If “Sandcastle Disco” is a bit self-conscious, a glitter-snowglobe version of its Motown source material, “Would’ve Been the One” is closer to the real thing: a piano-led sparkler, Solange belting and cooing the melody as flashily as possible. It’s one of the best showcases of Solange not just as a trendsetter or curator of sounds, but a singer, a song interpreter and a versatile one at that. The fact that it sounds timeless is just a bonus.
“Wonderland”
Solange’s debut, Solo Star, often gets overlooked, probably because it’s not trying to be an ambitious art piece with track titles like “Cosmic Journey” featuring Motown touches like historical nods, but a commercial R&B album, at least theoretically intended to move units. That didn’t quite happen, but it may just be a matter of luck, because Solo Star is a commercial album released in a year – 2003 – when commercial R&B was really, really good. (Solange has defended this point repeatedly in interviews, calling out people who pontificate about new R&B without even being familiar with the old stuff.) The stutter hook and skipping beat, by producer Rockwilder, are products of a radio landscape the Neptunes helped shape – and the fact that lead Neptune Pharrell’s producing everything again should clue you in to how good that was – and the radical optimism of Solange’s lyric is a nod to what she’d come up with next.
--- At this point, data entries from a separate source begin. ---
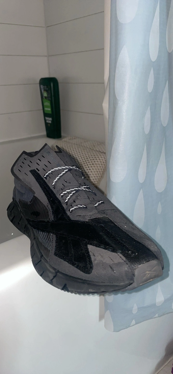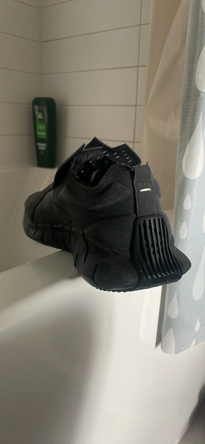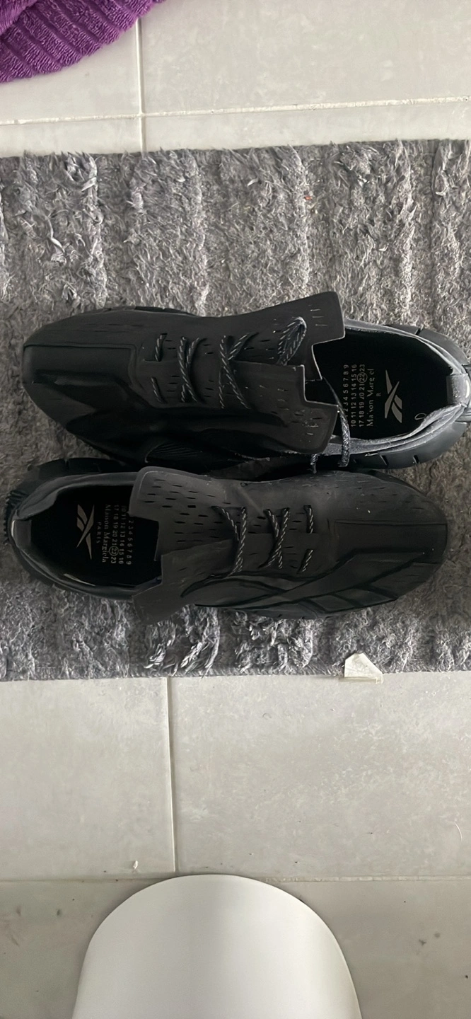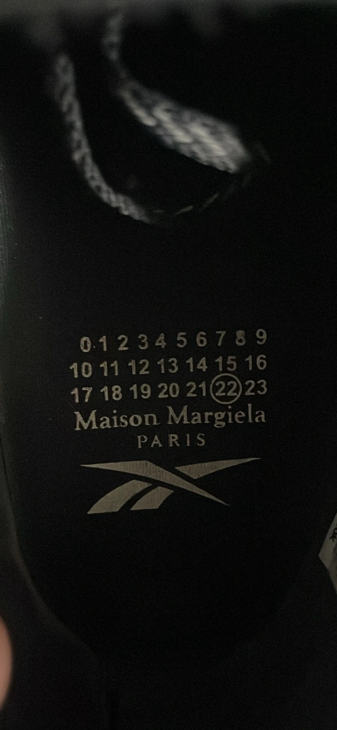 Selling a pair of Maison Margiela x Reebok sneakers in black. They're marked as size 12 on the insole.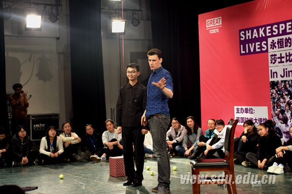 Nick Low在致辞中表示,2016年是莎士比亚和汤显祖逝世400周年,英国驻华使馆很高兴携手山东大学,通过文学研讨、舞台表演、互动体验、视频播放等方式,使师生们体验并了解莎士比亚作品,促进英中两国的友好文化交流。山东大学国际事务部副部长宋春玲致辞欢迎Nick Low一行。她表示,中英两国同为文化大国,以各自独特的智慧为人类的文明进步作出了卓越的贡献,中英两国人民始终相互欣赏彼此优秀的文明成果。山东大学愿继续发挥优势,作中英人文交流的友好使者。外国语学院院长王俊菊在讲话中感谢了英国驻华使馆为师生带来的学术与艺术盛宴,表示山大外文系首任系主任梁实秋是中国独自翻译《莎士比亚全集》的第一人,莎士比亚的研究、翻译和教学是学院的传统和优势,学院将继续在研究与教育领域促进两国文化交流。
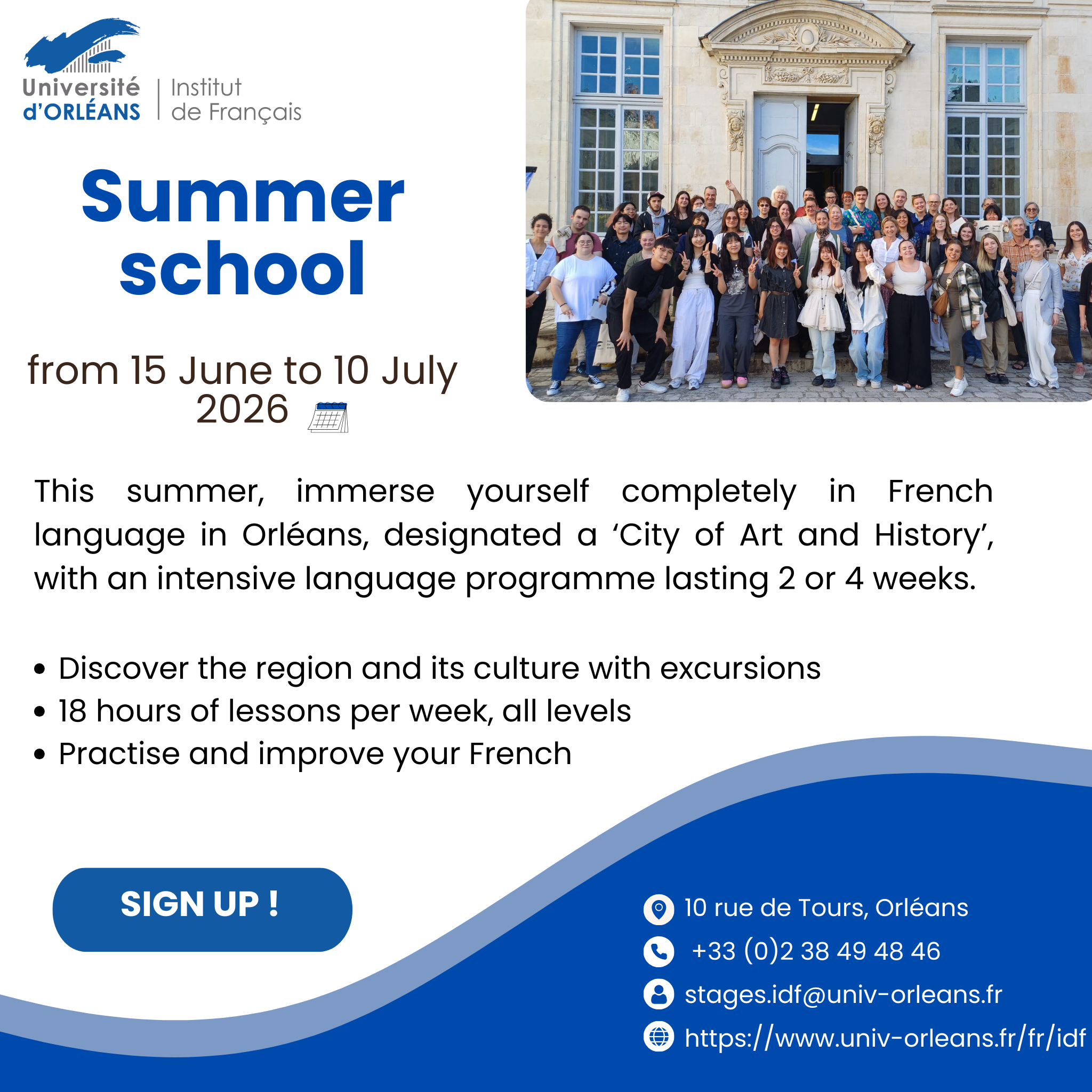 - Registration information : https://www.univ-orleans.fr/en/idf/registration/registration-summer-course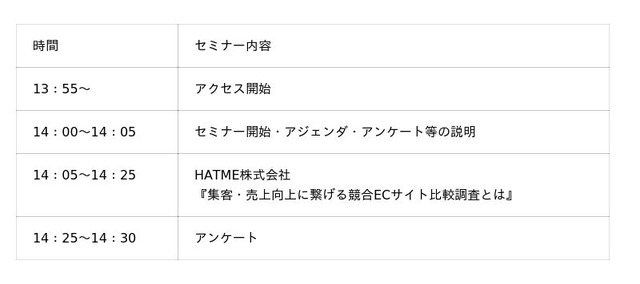 マーケティングアソシエーション株式会社の子会社であるHATME株式会社(本社:東京都台東区 代表取締役:中園広和、以下当社)は2026年5月1日(金)に、ウェブセミナー「【運用中の方必見】競合ECサイト比較調査で差別化EC戦略!自社ECの現状と改善ポイントがまるわかり」を、開催いたします。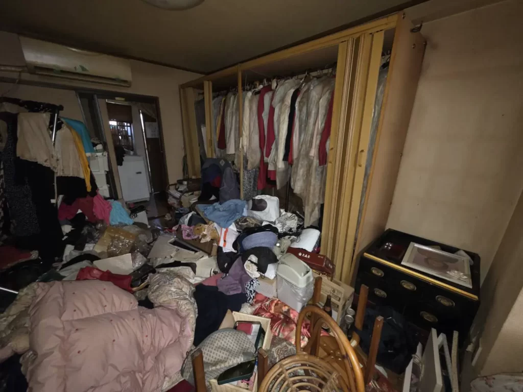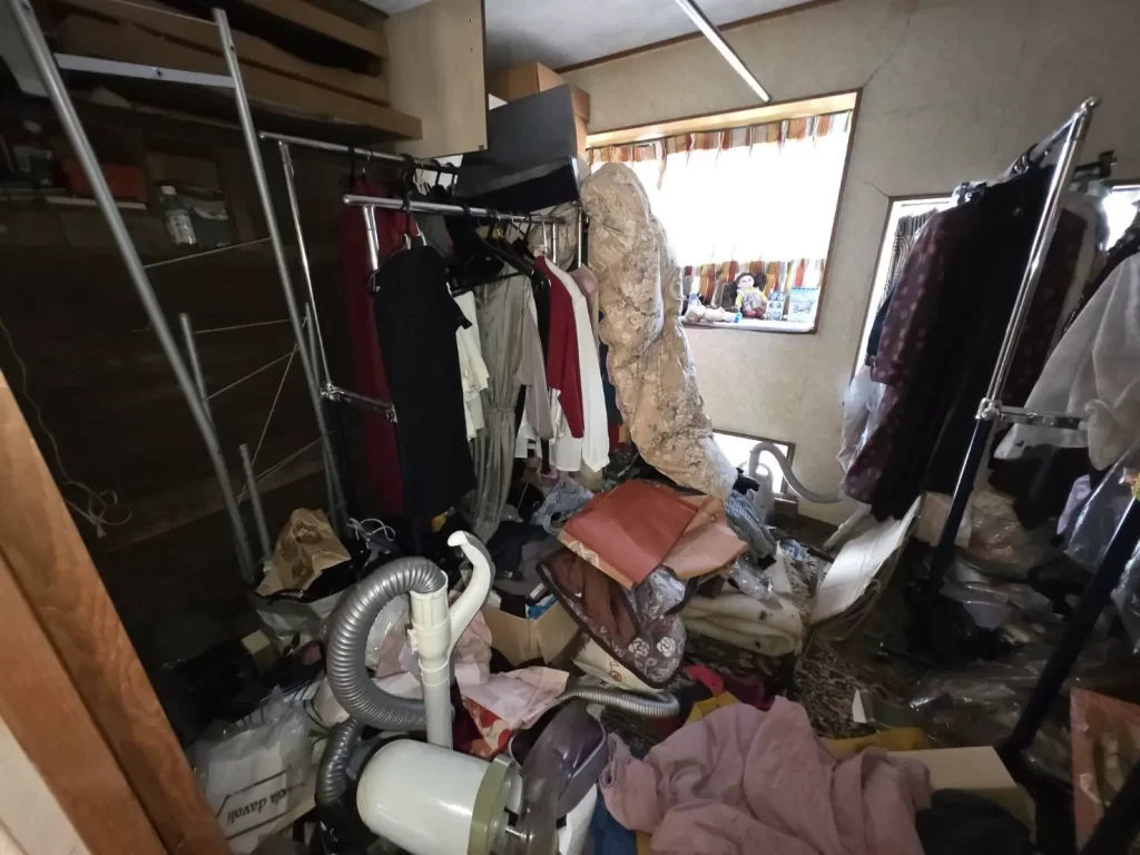 長期間空き家だったため、室内は衣類や生活雑貨で溢れかえり、床が見えない状態でした。さらにネズミによる被害もあり、衛生状態も悪い中での作業となりました。
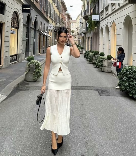 精心搭配的背心和長裙組合,展現時尚大方的穿搭風格,適合多元場合配戴,讓妳自在優雅散步街頭。

“Bad Girls (Verdine Version)”
True has yet to get a follow-up album, probably due to Dev Hynes’ feud with Solange. Even the subsequent singles didn’t quite connect – but it wasn’t for their quality. It’s just that True is a restrained, introverted kind of album, that works best as a whole, a sustained mood. “Bad Girls” is the moodiest of all, Solange taking a slow jam from Hynes’ project Blood Orange and flipping the lyric into a sort of answer song. (It’s best if you listen to the two tracks in tandem.)
Oh, and the Verdine in the title? Bassist Verdine White of Earth, Wind & Fire. The past year or so have seen lots of artists re-recruiting the great disco, funk and session musicians of the ‘70s – chiefly among them Chic’s Nile Rodgers – but true to True’s form, Solange is restrained about it. Part of that’s because she can be – it’s a lot easier to get Verdine White on your song when your last name is Knowles – but even so, it’s a statement, Solange claiming musical stature like it’s no big deal. By this point, she’s earned it.